Session Ready
Exercise

Filtering using NaNs

In certain scenarios, it may be necessary to remove rows and columns with missing data from a DataFrame. The .dropna() method is used to perform this action. You'll now practice using this method on a dataset obtained from Vanderbilt University, which consists of data from passengers on the Titanic.

The DataFrame has been pre-loaded for you as titanic. Explore it in the IPython Shell and you will note that there are many NaNs. You will focus specifically on the 'age' and 'cabin' columns in this exercise. Your job is to use .dropna() to remove rows where any of these two columns contains missing data and rows where all of these two columns contain missing data.

You'll also use the .shape attribute, which returns the number of rows and columns in a tuple from a DataFrame, or the number of rows from a Series, to see the effect of dropping missing values from a DataFrame.

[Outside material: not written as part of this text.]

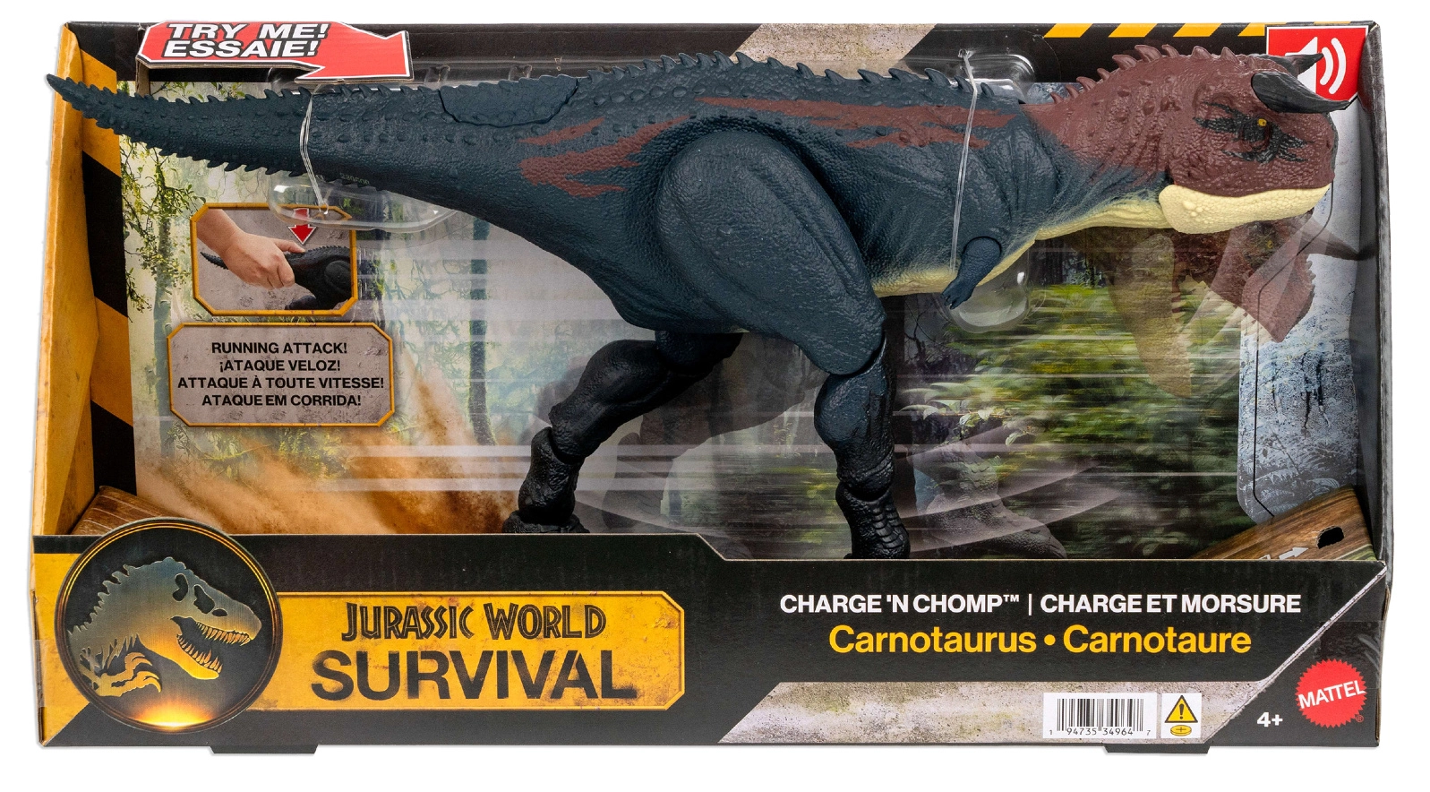 Текстурираната кожа, рогата и филмовите цветове, вдъхновени от Jurassic World, правят Карнотаура завладяваща фигурка за игра и колекционерско изложение.

Finally, you'll use the thresh= keyword argument to drop columns from the full dataset that have less than 1000 non-missing values.

Instructions
100 XP
  • Select the 'age' and 'cabin' columns of titanic and create a new DataFrame df.
  • Print the shape of df. This has been done for you.
  • Drop rows in df with how='any' and print the shape.
  • Drop rows in df with how='all' and print the shape.
  • Drop columns from the titanic DataFrame that have less than 1000 non-missing values by specifying the thresh and axis keyword arguments. Print the output of .info() from this.